Rocks? Yes, rocks. Some dogs like to eat them. Maybe it's their texture, crunchiness, or perhaps they smell or taste good, but if they are swallowed they can cause a variety of internal upsets. Smaller stones and pebbles might pass right through but you will need to spend the next day or two searching through their poop to make sure it has passed. Larger stones and rocks could cause internal injury and blockage that would require emergency surgery. Dangerous and painful to your dog and damaging to your wallet. It's best to make sure your dog avoids them.

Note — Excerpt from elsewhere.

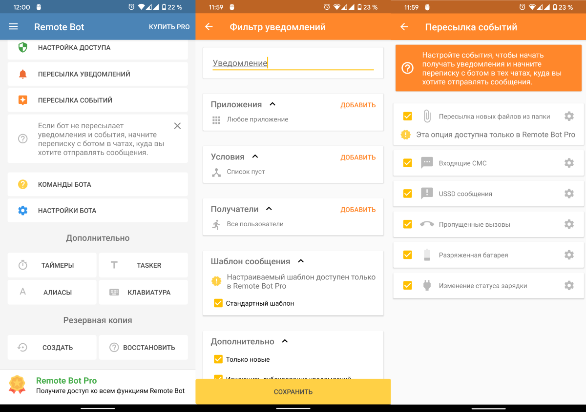 Все типы автоматизации настраиваются с главного экрана Remote Bot. Всего есть две основные настройки: пересылка уведомлений и пересылка событий.

Some dogs actually view poop as a treat. Whether it be their own or some that has been left on the side of the road, you should be aware that your dog may find it appetising.While eating their own poop is not dangerous to your dog, only distasteful to humans, eating poop from unknown origin could be since it may contain parasites and/or bacteria that could make them sick.

Cigarette Butts

Some dogs find cigarette butts enticing and enjoy chewing on them. Cigarette butts contain nicotine which is highly toxic to dogs. If you notice your dog has found one and is chewing, get it away from them as quickly as possible. When retrieving it is not successful, and it has already been swallowed, make sure they don't have access to any others. Signs of nicotine poisoning includes vomiting and diarrhea, so be on the lookout for these sympthoms or other abnormal behavior. Contact your veterinarian immediately if your dog is showing any adverse reactions.

Puddles of Water

Puddles of water may look inviting to a thirsty dog. Well it's only water, right? It's water but the problem is you don't know what could be in that water. Puddles from melting snow could contain sodium chloride, the ingredient in many types of ice melt. Sodium chloride is highly toxic to dogs. Puddles in the street could also contain traces of gasoline or oil as well as many other nasty ingredients. Best to steer your dog away from the puddles and be sure to bring along water for long walks, especially on hot days.

Staying alert and watching your dog on walks is the best way to keep them safe. Has your dog ever ate, or tried to eat, anything unusual on a walk?